Fort Lee paper
Status
  This is the Fort Lee paper. It sets out the an initial specification
  for a dark archive for RePEc full-text and templates. 
  The first draft was of 2012‒11‒07.  This is the version of 2014‒03‒12.
Main part
goal
  The goal is to provide a framework of the storage of persistent
  copies of the RePEc digital library. For the purpose of this
  document, the RePEc digital library consists of template metadata for
  documents, and of full-text copies of these documents referenced in
  metadata records, if such full text can be downloaded from a non-priviledged
  computer. Thus full text can be assumed to be publicly available. 
definitions
- object of interest (“obi”)
 
- This is anything that has a URL or a RePEc handle, and its URL or RePEc handle is found in RePEc data or in ArchEc data.
 
- 
  RePEc data
 
- 
  This is the set of all RePEc template metadata known now. 
 
- ArchEc data
 
- 
  ArchEc data is RePEc template data stored by ArchEc at a previous
  time, or objects of interest stored by a run of ArchEc to gather file
  objects of interest.
 
- template object of interest (“tobi”)
 
- a template found in the RePEc data, as a string. Its handle is the RePEc handle.
 
- 
  file object of interest (“fobi”)
 
- 
  something that is pointed to by a file-* construct in RePEc's ReDIF
  date. Its handle is the URI, subject to normalization of URIs. (FIXME: say
  what this is.)
 
- obi store
 -  a way to store the obis. The obi is
stored on disk. This is described below. For the moment, let’s just
assume that the obi store exists, and it creates a permanent disk
location of the obi.
 
- tist
 
- unix time stamp at a time
 
- software tist
 
- The tist at which we start to make a gathering run of ArchEc.
 
- tobi tist
 
- 
  the tist of a file in the obi store which a tobi is found.

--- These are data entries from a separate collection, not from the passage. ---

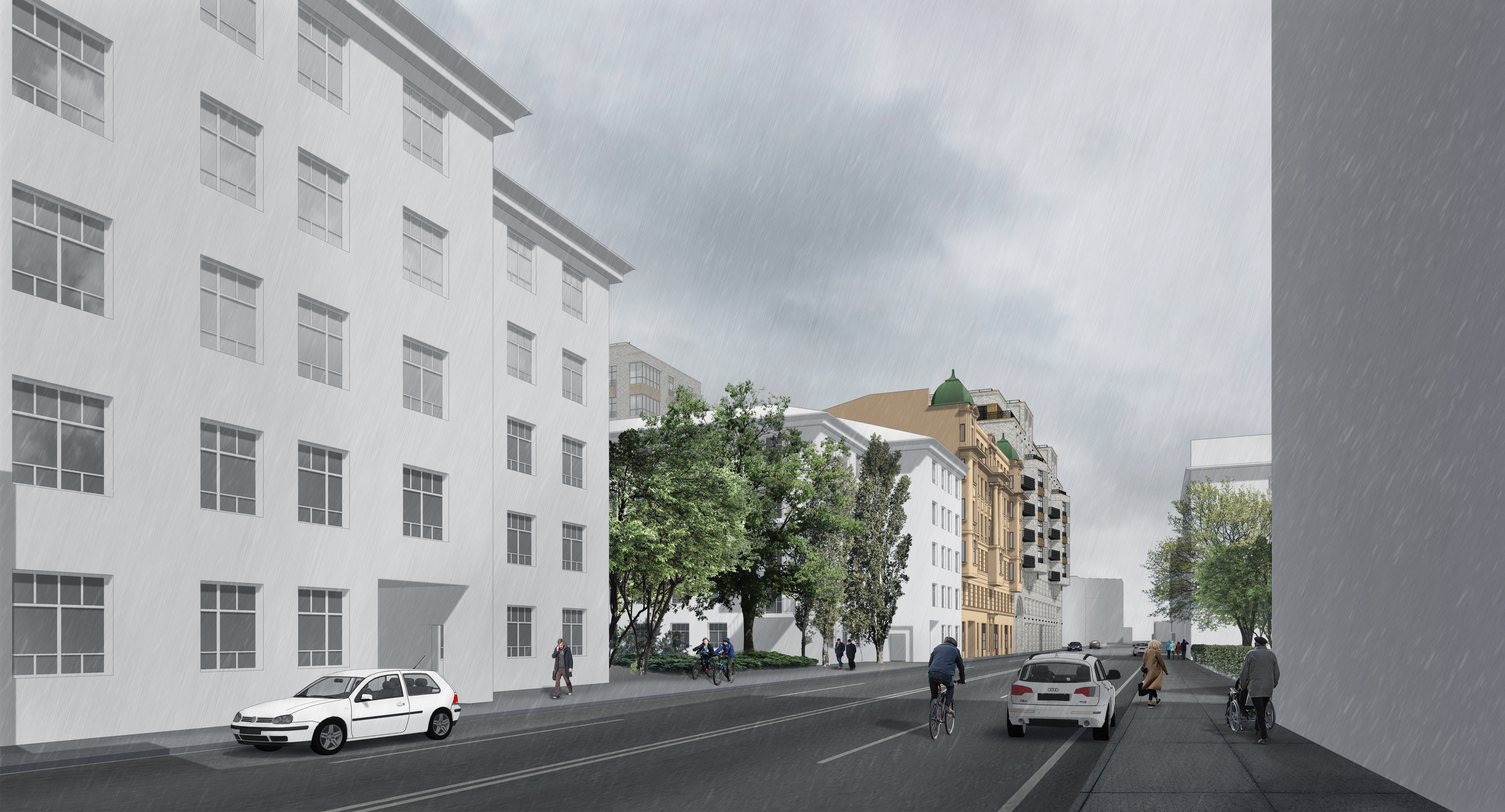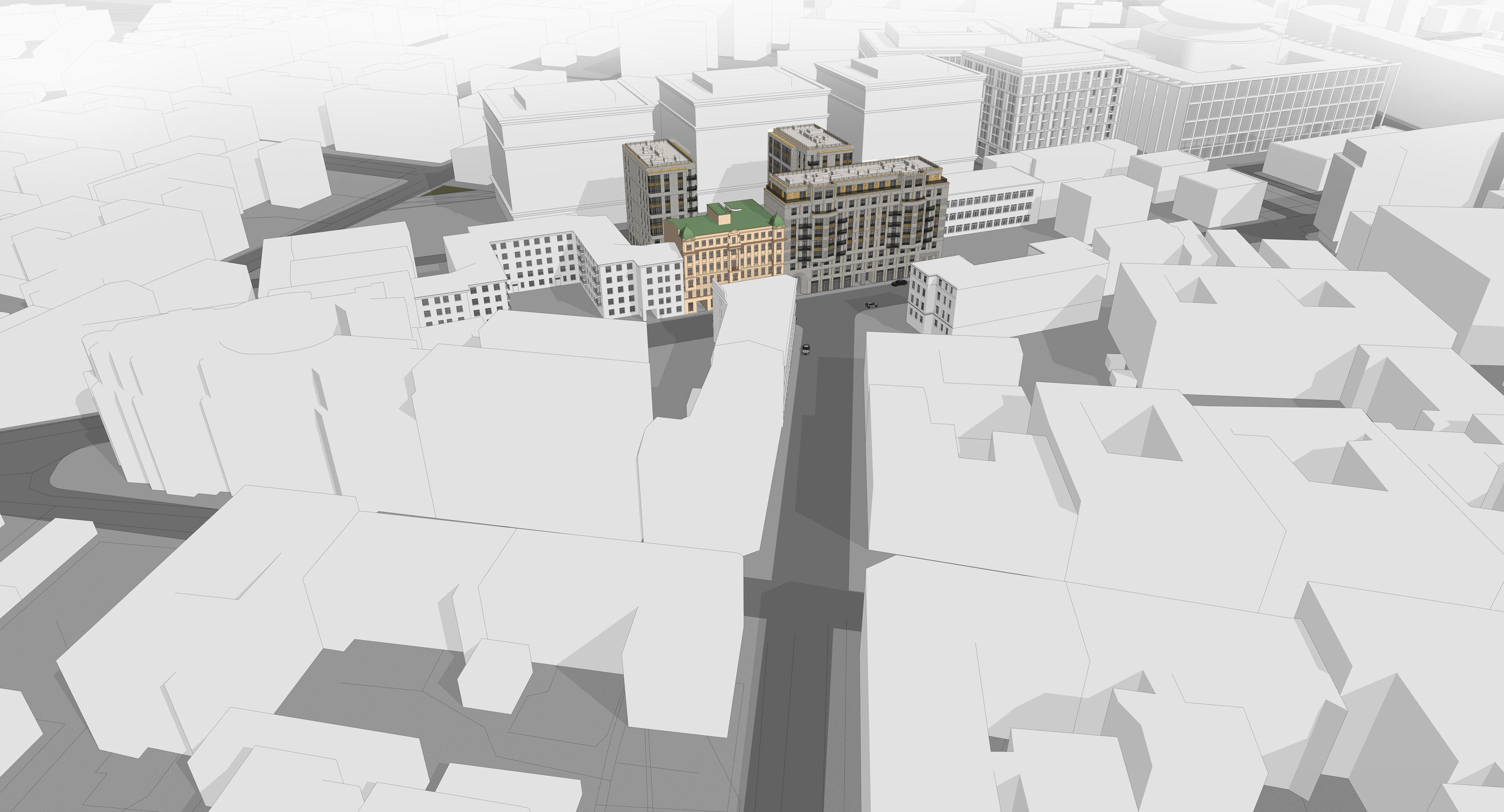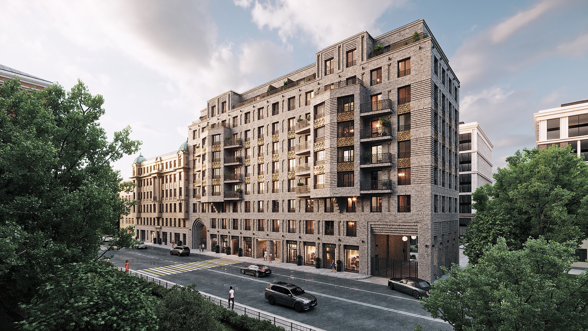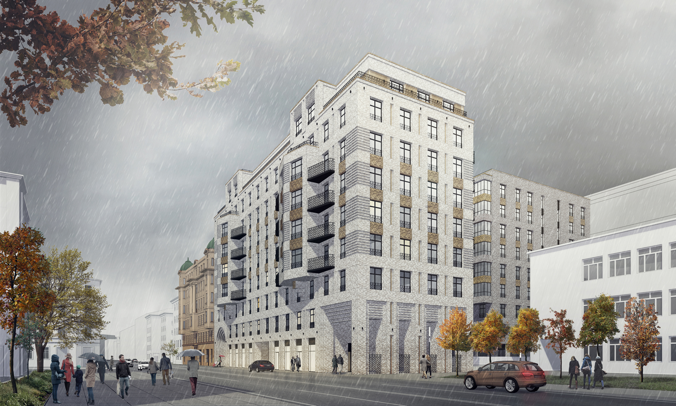 Основной принцип художественного решения фасадов – это создание образа сдержанной, монументальной фоновой жилой застройки высокого класса. Решенное в современных тенденциях здание, не нарушая среду культурного наследия, гармонично интегрируется в архитектурный облик Санкт-Петербурга.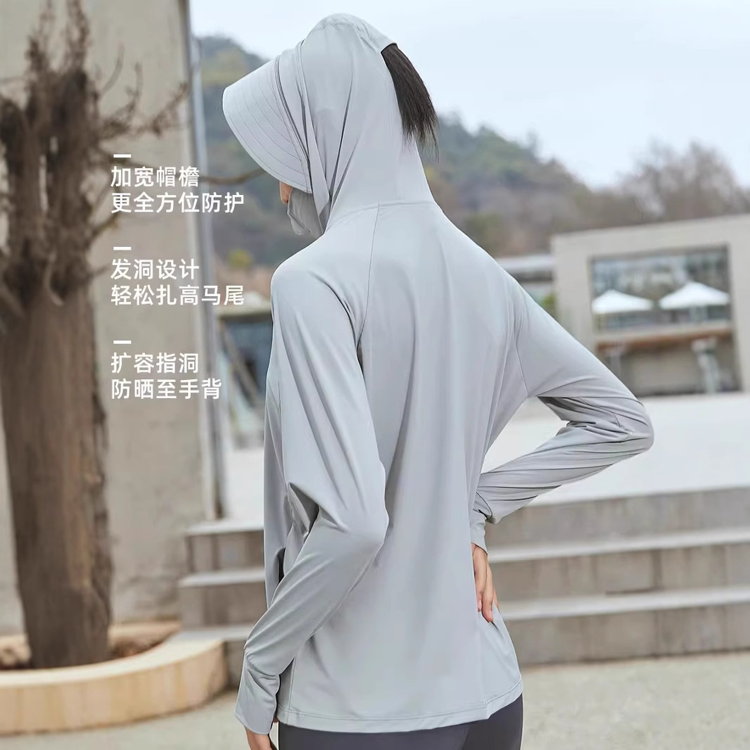 UPF50连帽防晒衣轻薄冰丝防紫外线户外防晒服帽檐可拆骑行防晒衣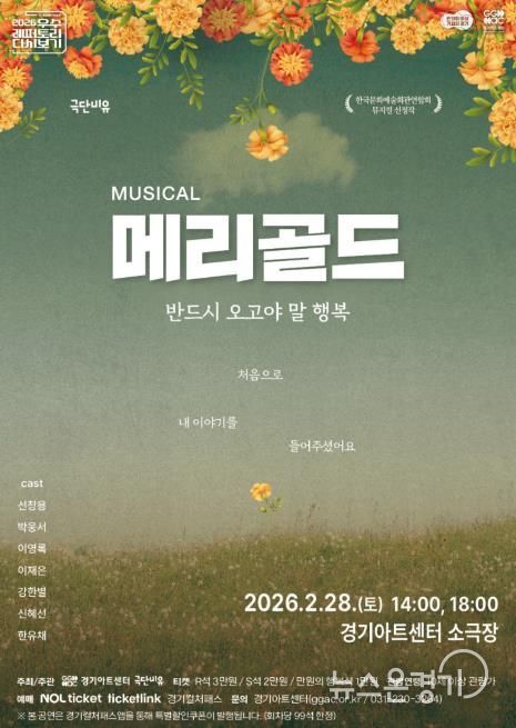 뉴스온경기 | 경기도와 경기아트센터는 오는 28일 오후 2시와 6시 경기아트센터 소극장에서 뮤지컬 ‘메리골드’ 공연을 선보인다.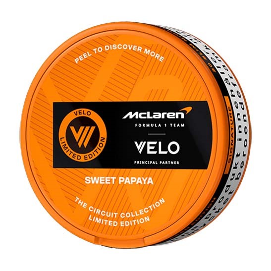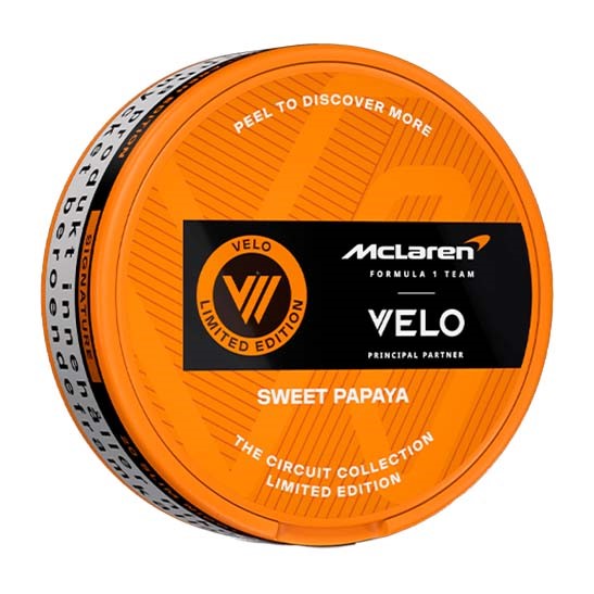 VELO Sweet Papaya är den nya 2025 McLaren Limited Edition från VELO. Den har en papayasmak med en söt och krämig ton.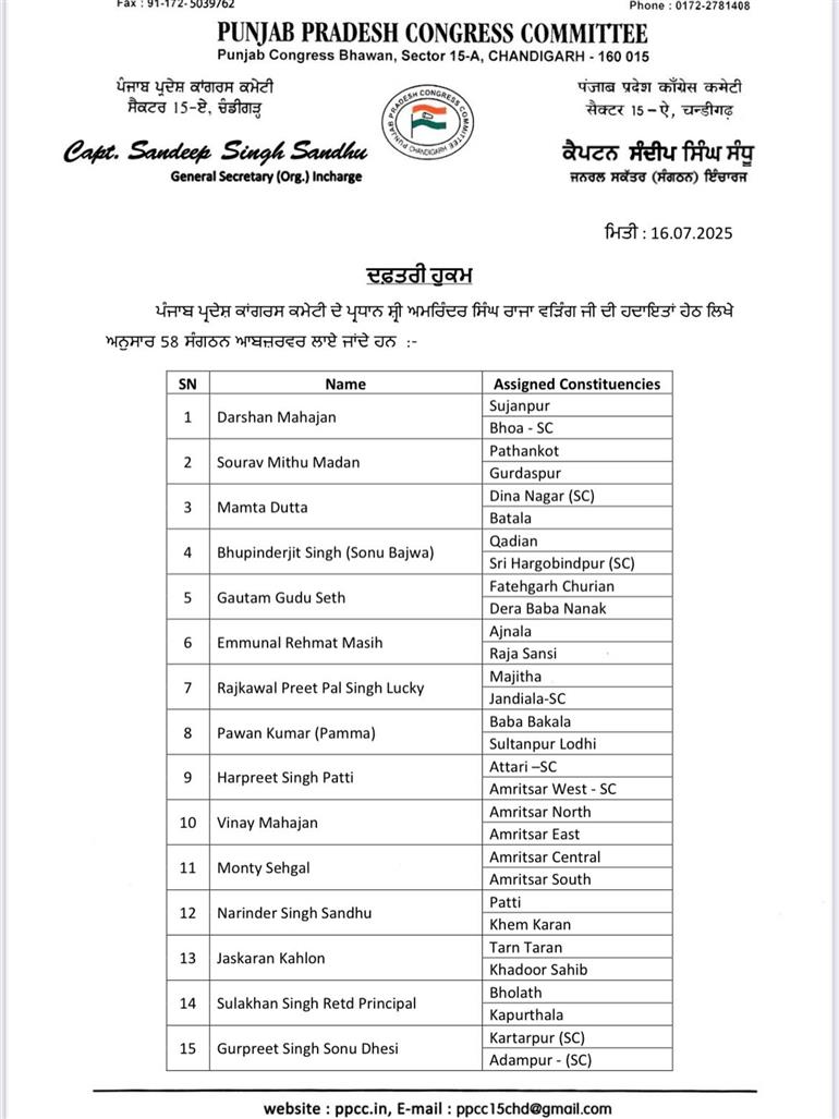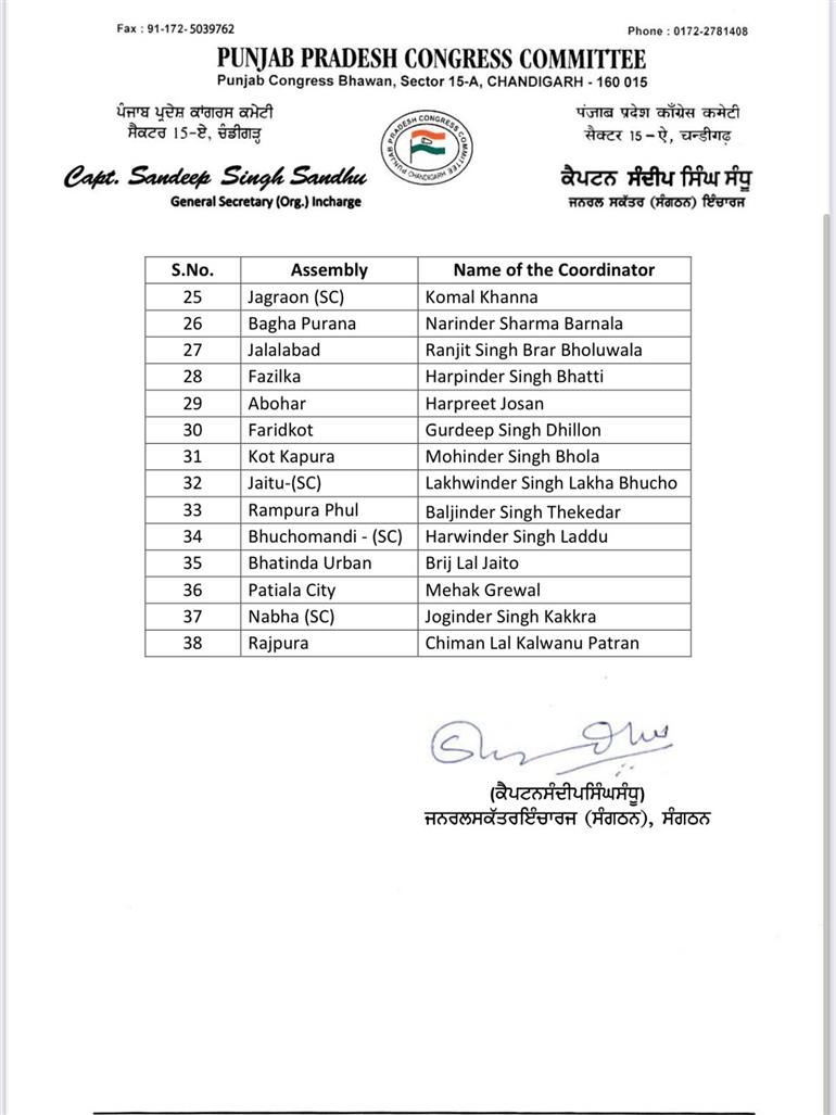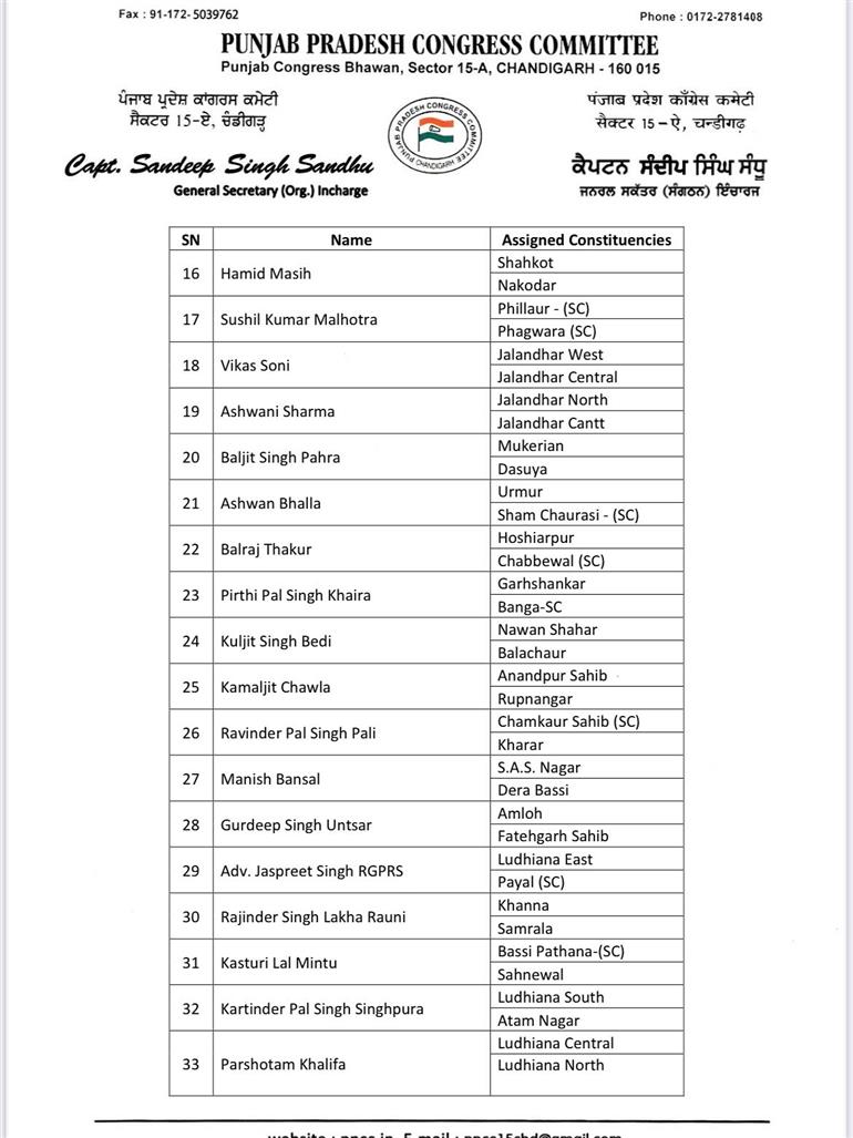ਇਸ ਸਬੰਧੀ ਜਾਣਕਾਰੀ ਸਾਂਝੀ ਕਰਦਿਆਂ ਕੈਪਟਨ ਸੰਧੂ ਨੇ ਦੱਸਿਆ ਕਿ ਪੰਜਾਬ ਪ੍ਰਦੇਸ਼ ਕਾਂਗਰਸ ਕਮੇਟੀ ਦੇ ਪ੍ਰਧਾਨ ਅਮਰਿੰਦਰ ਸਿੰਘ ਰਾਜਾ ਵੜਿੰਗ ਦੇ ਦਿਸ਼ਾ-ਨਿਰਦੇਸ਼ਾਂ ਅਨੁਸਾਰ ਅਹੁਦੇਦਾਰਾਂ ਦਾ ਐਲਾਨ ਕੀਤਾ ਗਿਆ ਹੈ। ਪੰਜਾਬ ਕਾਂਗਰਸ ਵੱਲੋਂ ਜਾਰੀ ਕੀਤੀ ਗਈ ਸੂਚੀ ਵਿਚ 38 ਹਲਕਾ ਕੋ-ਆਰਡੀਨੇਟਰਾਂ ਅਤੇ 58 ਸੰਗਠਨ ਆਬਜ਼ਰਵਰਾਂ ਦੇ ਨਾਂ ਸ਼ਾਮਲ ਹਨ। ਪੜ੍ਹੋ ਪੂਰੀ ਸੂਚੀ:

  When tobi store software is run, either an 
 
- tist found
 
-  
  The tist of the time we find an obi for the first time. This is
  either the tobi time or the software tist of a run where we first
  get a copy of the fobi.
 
- tist noted
 -  the software tist we find an object for the
first time, or any time we notice that its contents has changed from
the last time we observed it.
 
- tist lost
 -  the software time we find that an obi that we
have observed is no longer there. Such an obi is called lost.
 
- refipo
 -  this is a pointer to file information we find in
the ReDIF data
 
- incidence
 -  either appearance, change, or deletion of an obi.
 
The object store depends on time. Therefore time handling is quite important.
RePEc data
  RePEc is externally furnished to ArchEc and periodically updated. This is the
  parametere ReDIF_directory in the configuration file. 
  For the purposes of building the a gathering application static tarballs of old
  RePEc data are also available. The tarball location may be supplied
  with the -f argument at start time. In that case the ReDIF_directory
  parameter in the configuration file is ignored.
Configuration parameters
  The obi start location is specfied with the 
  object_store parameter in the configuration file.
  directory structure
  the object store is in "archive/", sources are in "data/". That
  directory has "tarballs/" storing past tarballs, by data, and
  "current/" linking to the current dataset.
object store
  We use the tist noted. Invert it by chars, set a / after the
  third char and the sixth char for the first occurrences of the tist.
  Example. Store the homepage of Thomas Krichel http://openlib.org/home/krichel
  at some observed tist. 
  krichel@trabbi:~$ date +%s
  1352481230
  invert the string to get 0321845231 and split for directories 032/184/5231
  Take URL and uri_escape_utf8 (in Perl)
  http%3A%2F%2Fopenlib.org%2Fhome%2Fkrichel%2F
  The file is the store is 
  032/184/5231/http%3A%2F%2Fopenlib.org%2Fhome%2Fkrichel
  but since there is a redirect to http://openlib.org/home/krichel/,
  it stores at
  032/184/5231_http%3A%2F%2Fopenlib.org%2Fhome%2Fkrichel%2F
  If there is a redirect from URL foo to URL bar, make foo a symlink
  to bar. Exception: if foo and bar differ by a trailing slash, omit
  the symlink. 
 Caching database
  For the object store, we need a caching database. We use 
  MongoDB for this purpose. Not the caching database just
  for caching. It is used to hold any data that could not
  be derived again.
 We have four collection. 
  
     | tobi | fobi | 
  
  
    | data | mi | mo | 
  
  
    | checksum | vi | vo | 
  
  Of these four, the two in the second column are not implemented.
  The data collections, “m”, link an id of an obi to a hash. The hash
  matches tists to md5 sums. The file can be trivially constructed from
  tist and obi id. 
  The checksum collections, “v”, links an md5 checksum of the text in the
  file—rather than of the file—to a location in the the obi store
  where the checksumed contents is held.